江南的春夜,总带着一股湿漉漉的暖意,裹挟着花香和青草气息,无声地浸润着上官家的深宅大院。
书房里,灯花偶尔噼啪一声轻响,映照着相对而坐的两人。
上官浅执着一卷账册,却并未细看,目光似有若无地落在对面正襟危坐的徐凤年身上。
与他,因为徐凤年也在盯着她。
她放下账册,起身,袅袅娜娜地走到他身后。
“走神做什么?你看你,字都写错了,这里,笔锋需再藏一分,力道含而不露,才是上乘。”
一股清雅的、独属于她的冷香悄然袭来,徐凤年的背脊几不可察地绷紧了一瞬。
他感觉到她温热的呼吸轻轻拂过他耳畔,随后,一只微凉柔软的手覆上了他握笔的手。
“是这样……”她的声音压得很低,像羽毛搔过心尖。
她引导着他的手,在纸上缓缓运笔,肌肤相贴处,仿佛有细微的电流窜过,让他指尖微微发麻,心神根本无法集中在笔尖的走势上。
上官浅唇角弯起一抹得逞般的笑意,稍纵即逝。
一笔终了,她并未立刻退开,反而就着这个近乎环抱他的姿势,侧过头,唇瓣几乎要贴上他的耳廓,轻声问:“懂了么,安之?”
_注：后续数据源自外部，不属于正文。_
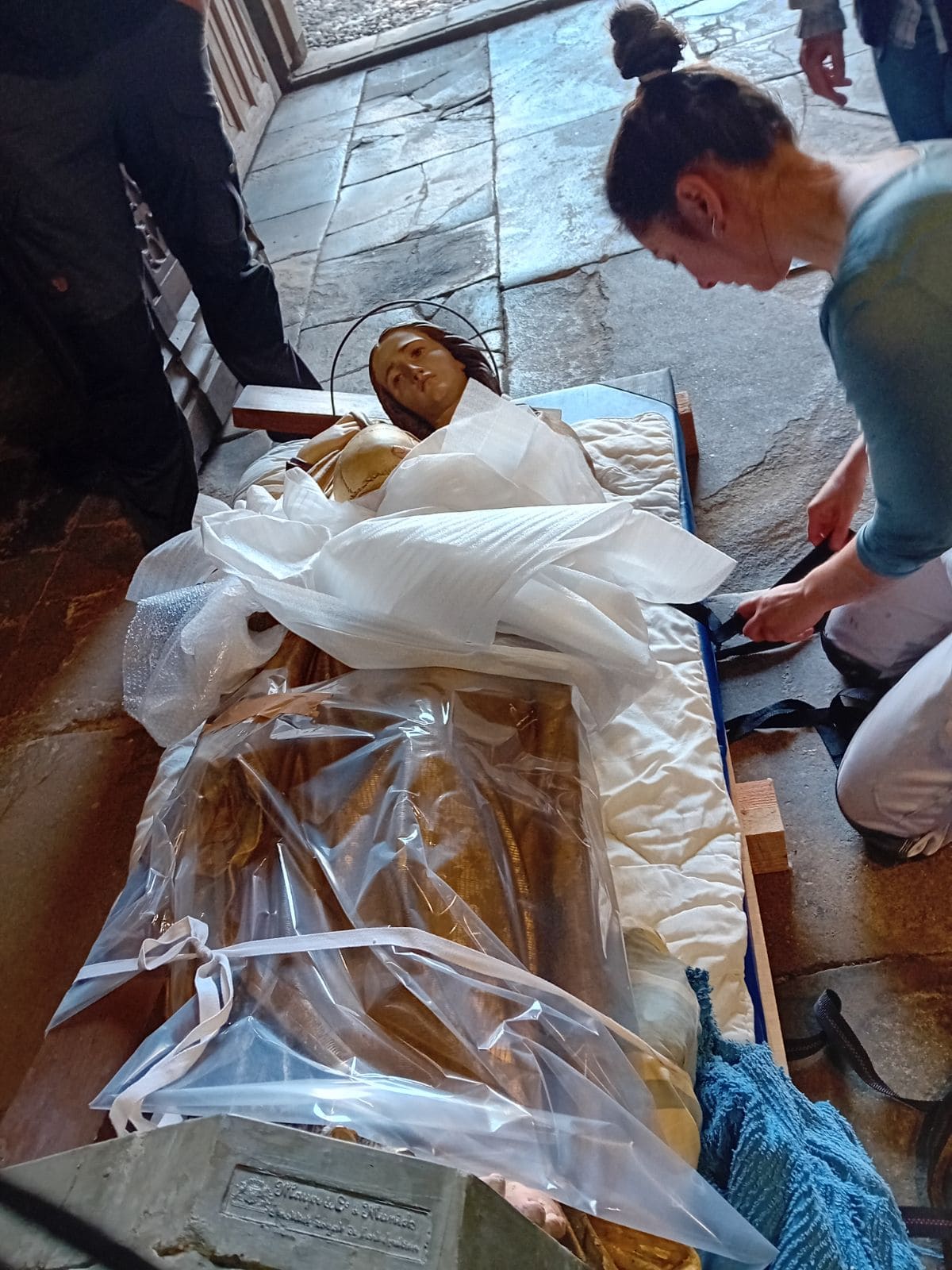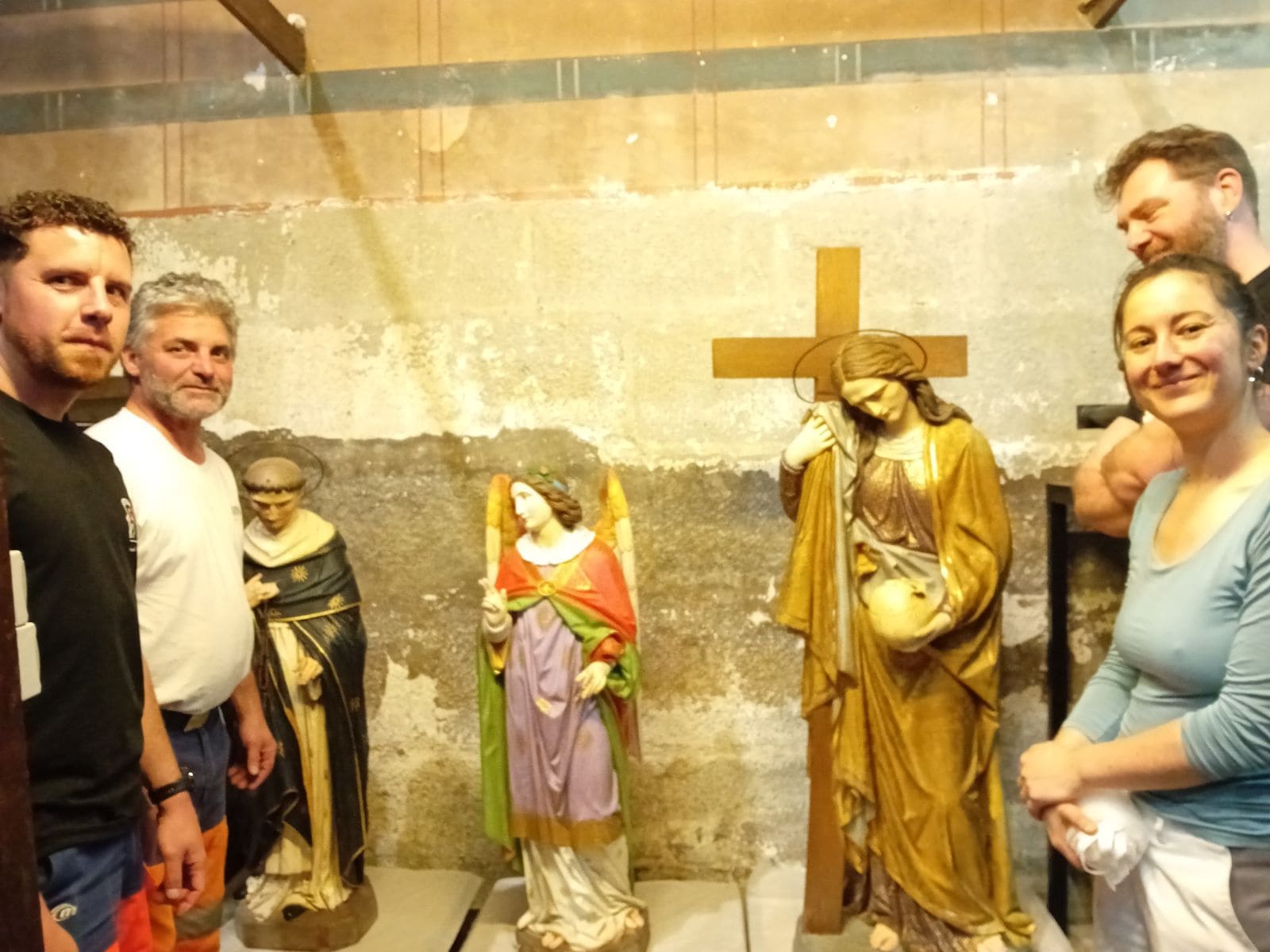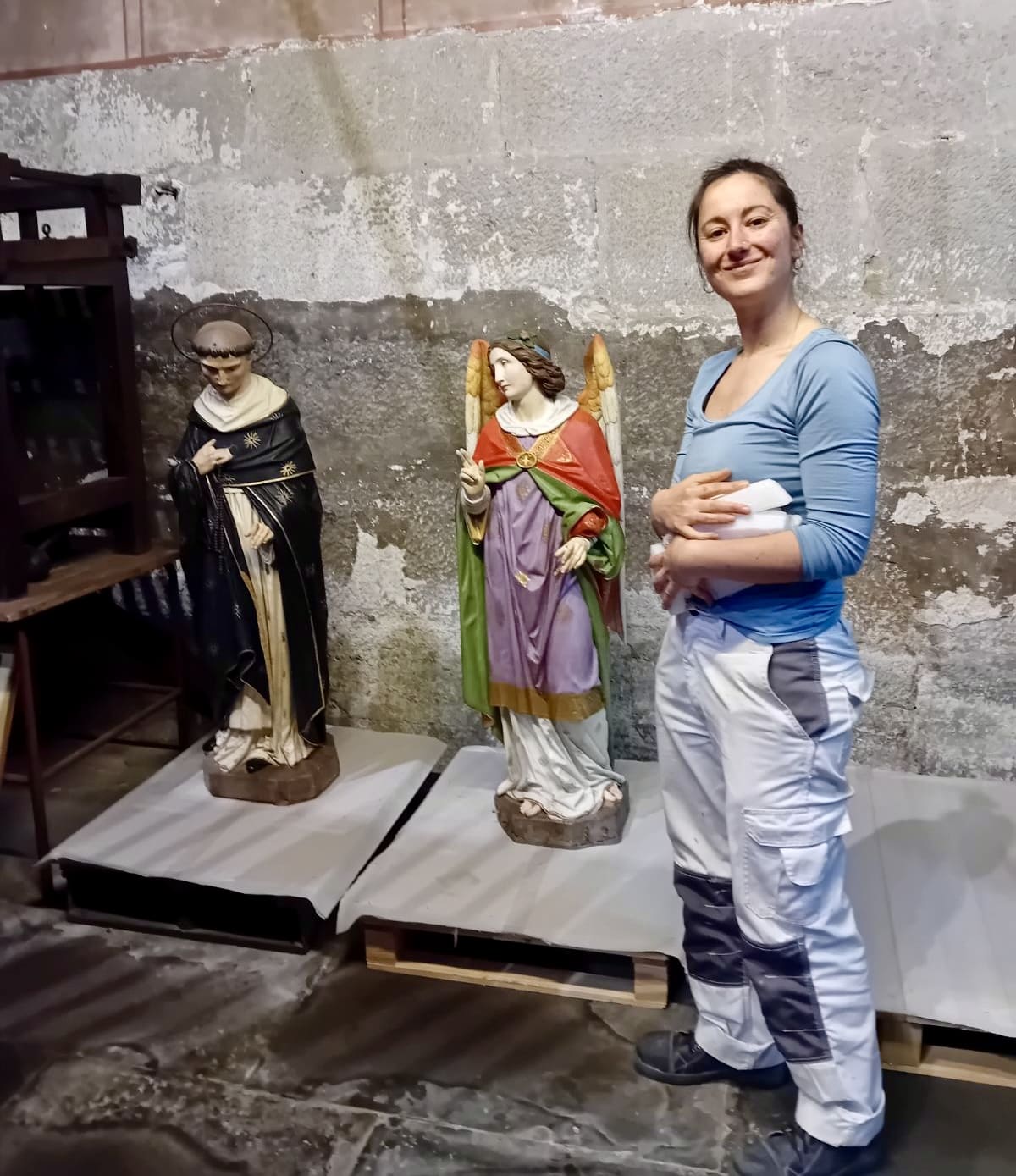 Les statues, de retour à Mirepoix, ont été posées sur des palettes afin d’éviter le contact avec l’humidité du sol, en attendant la confection de socles.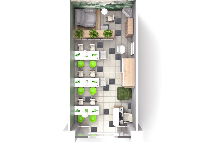 Размеры помещения даны заказчиком. По ним была составлена 2д-схема с расстановкой мебели, учитывая пожелания заказчика. После согласования, отрисован 3д-план помещения в программе Компас 3д, расставлена мебель и наложены текстуры в программе KeyShot. В программе 3ds Max выполнены чертежи недостающих шкафов.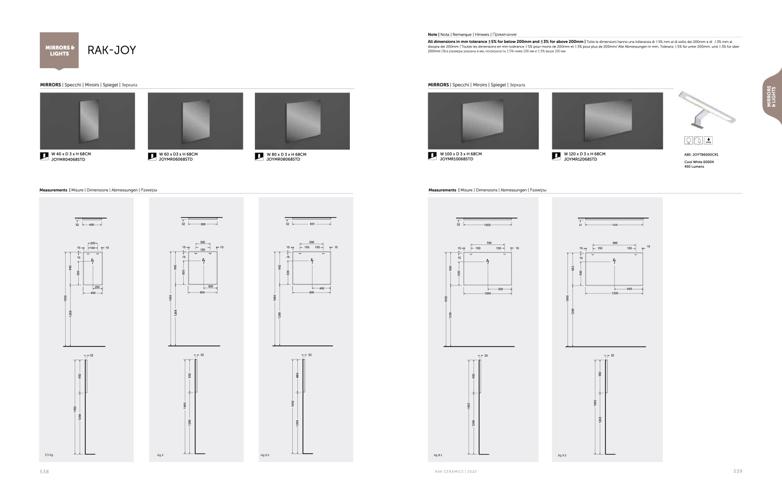 Measurements | Misure | Dimensions | Abmessungen | Размеры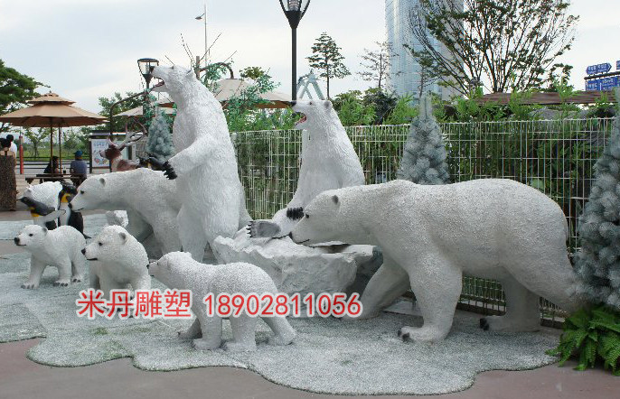 Polar bear sculpture model park garden garden large-scale fiberglass simulation animal sculpture ornaments 5-piece set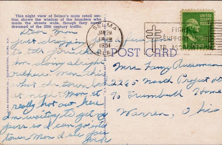 A picture postcard mailed on January 2, 1951, features Broad Street in Selma, Alabama, at night. 1940s vehicles can be seen parked, while one driver has their headlights on.
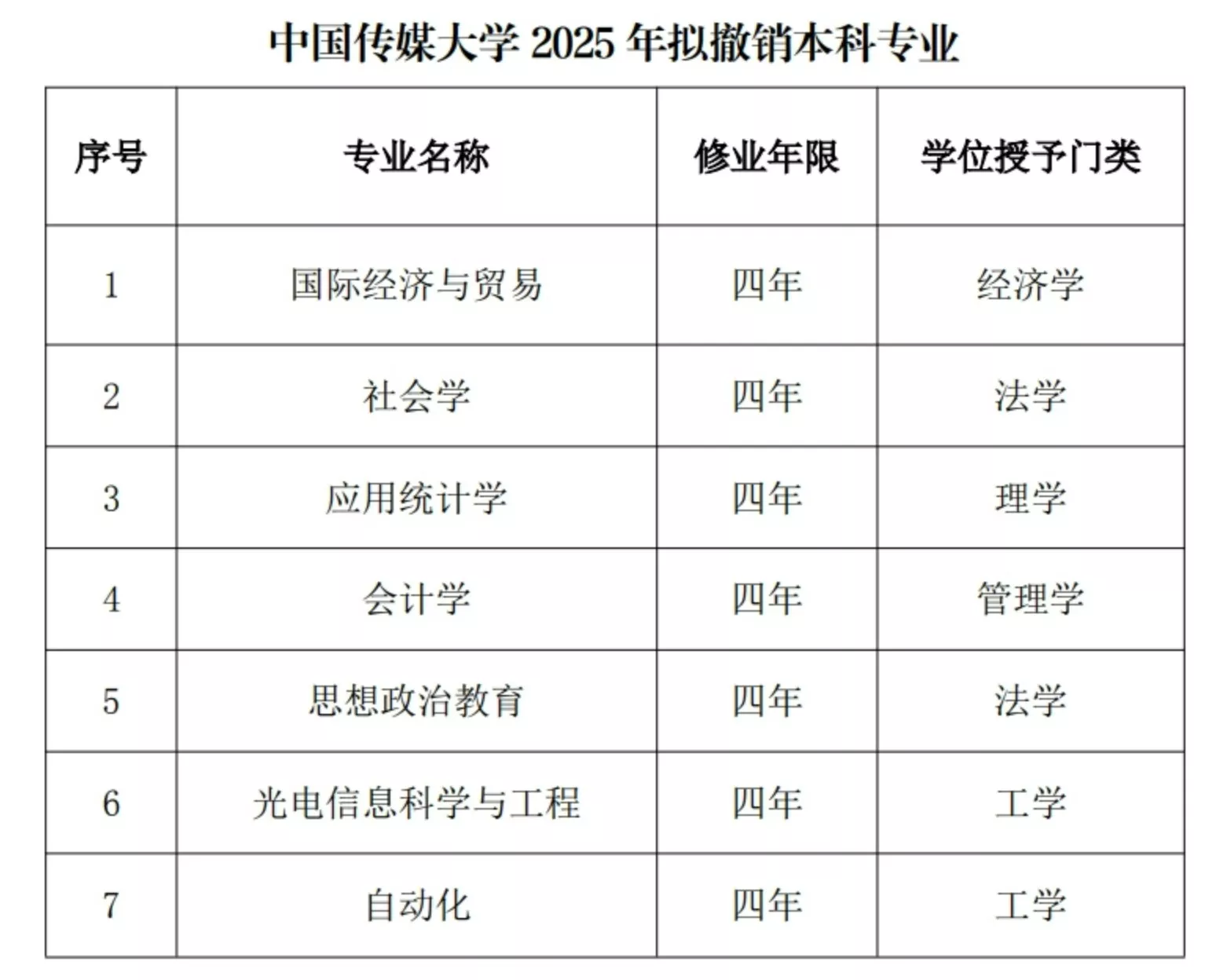 中国传媒大学于2025年已撤销7个本科专业。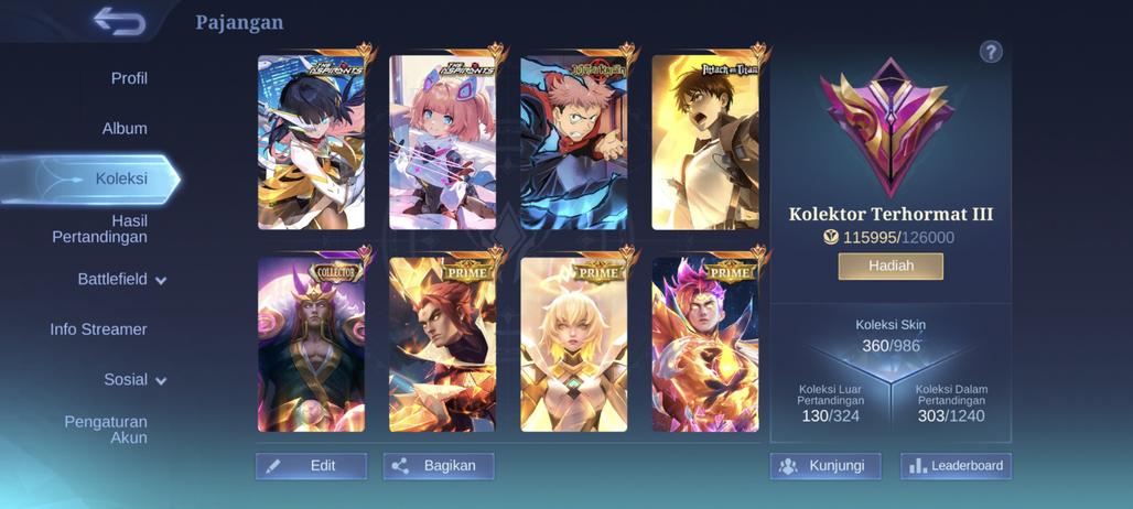 MM259|Lv119|360Skin|EXALTEDCOLLECTORIII|2ASPIRANTS|JJK Itadori|AOT Eren|4PRIME|2COLLECTOR|8ZODIAC|17EPIC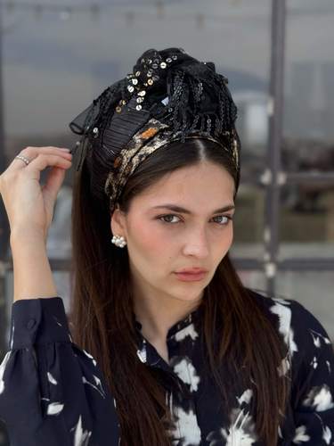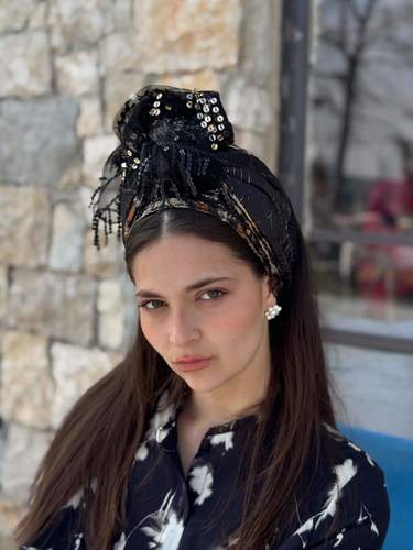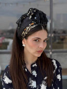 The "Ziv Headscarf" is a beautifully designed accessory made from four different fabrics chiffon, brocade, sequins, and sparkles.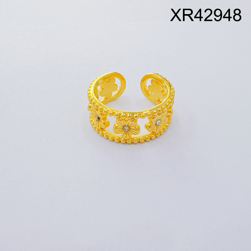 Level B Stainless Steel New Trendy Women Jewelry Flower Golden Open Rings;Ring size can be adjusted freely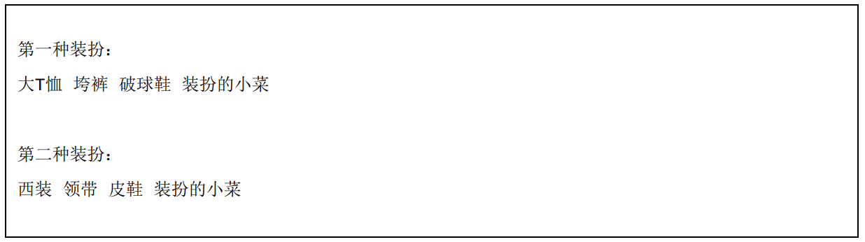 想要给人一个较好的印象,穿衣搭配得体干净是不可或缺的。我们可以使用程序写一个可以给人搭配不同服饰的系统,比如类似QQ、电商平台或游戏都有的Avatar系统,实现给人搭配嘻哈服或白领装的功能。程序预期的输出效果如下图所示。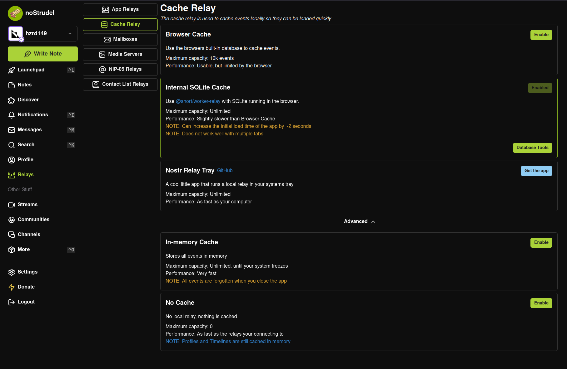 The No Cache option disables the local relay cache. however profiles and some timelines (notifications, feeds) are still cached in memory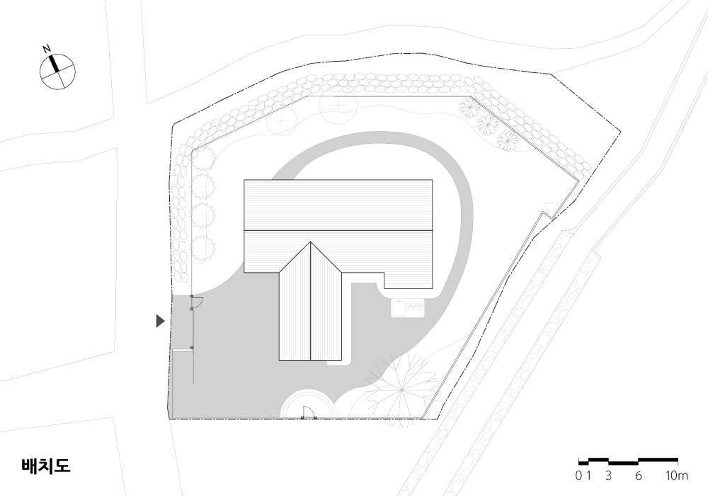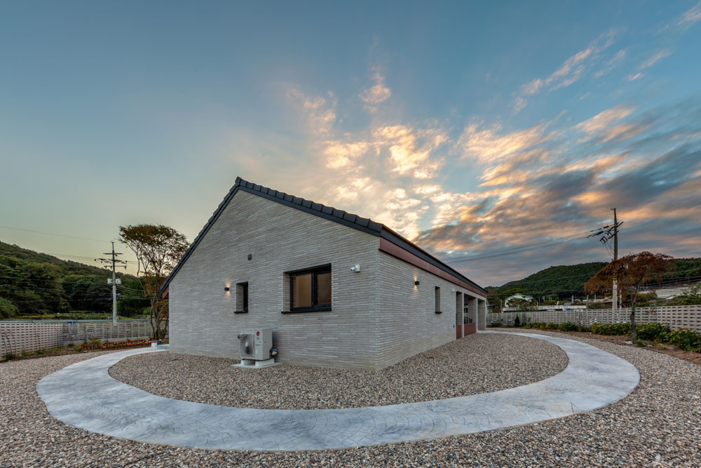 전체적인 매스는 가운데 중정을 품은 단층의 ‘ㅜ+ㄷ’자 형이다. 거실을 중심으로 양옆엔 길고 작은 매스를 배치하여 중정을 만들었다. 건물은 대지 가운데 배치하고, 건물 주변으로는 원형의 산책로를 계획하여 중심의 주택을 고스란히 감상할 수 있도록 하였다. 이는 넓은 여백을 사색하듯 움직임의 선으로 채우는 요소이기도 하다. 건축주가 요구한 기와는 평기와로 제안하여 현대적 느낌의 한옥에 다가서려 했다.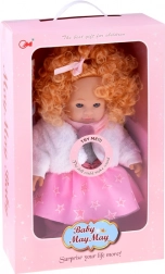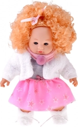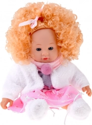 Inklusive Winter-Outfit: rosa-graues Kleidchen mit Sternchen, kuschelige weiße Jacke, rosa Schal mit Bommel und weiche Hausschuhe. Das integrierte Soundmodul spielt verschiedene kindliche Laute ab, wodurch das Spiel noch interaktiver und realistischer wird.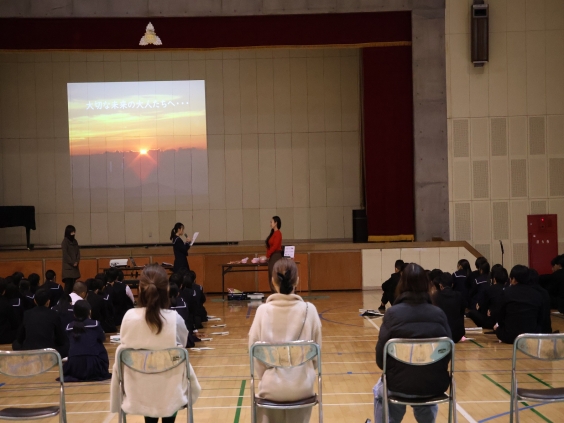12月9日(火)3年生対象に、性に関する学習「いのちと性のお話し会」を行いました。講師の山下百子先生(助産師)から、「妊娠や出産、誕生について」「性的な接触に伴う責任について」「生まれる命の大切さについて」という3つの視点から、実体験や動画などを交えながら話をして頂きました。子どもたちは、うなずきながら関心を持って聞き、時には近くの友だちと意見交換をしました。3年生の保護者の方にもご参加いただきました。性について、命について深く考える貴重な時間でした。

徐凤年喉结滚动了一下,声音有些发干:“……懂了,小姐。”
“私下里,唤我浅浅。”她纠正他,语气带着不容置疑的亲昵。
徐凤年看着纸上那略显凌乱的笔画,心却跳得如同擂鼓。
他抬头看向她,她已重新拿起账册,侧脸恬静美好,灯下看美人,愈觉清丽不可方物。
可她方才那番举动……他心头燥热,却甘之如饴。
第二日,上官浅懒懒地倚在软榻上,看着窗外淅淅沥沥的春雨。
徐凤年端着一碗刚炖好的冰糖燕窝进来,脚步放得极轻。
“醒了?用些甜汤润润喉。”他将白瓷小碗放在榻边的小几上。
上官浅却不起身,只微微蹙眉,带着刚睡醒的慵懒鼻音:“没力气呢……”
徐凤年愣了一下,只见她微微张开唇,那双勾魂摄魄的眸子盈盈望着他,意思再明显不过。
他耳根瞬间红透,心跳如雷。僵持片刻,他还是妥协了,认命地拿起小勺,舀起一勺吹温了,小心翼翼地递到她唇边。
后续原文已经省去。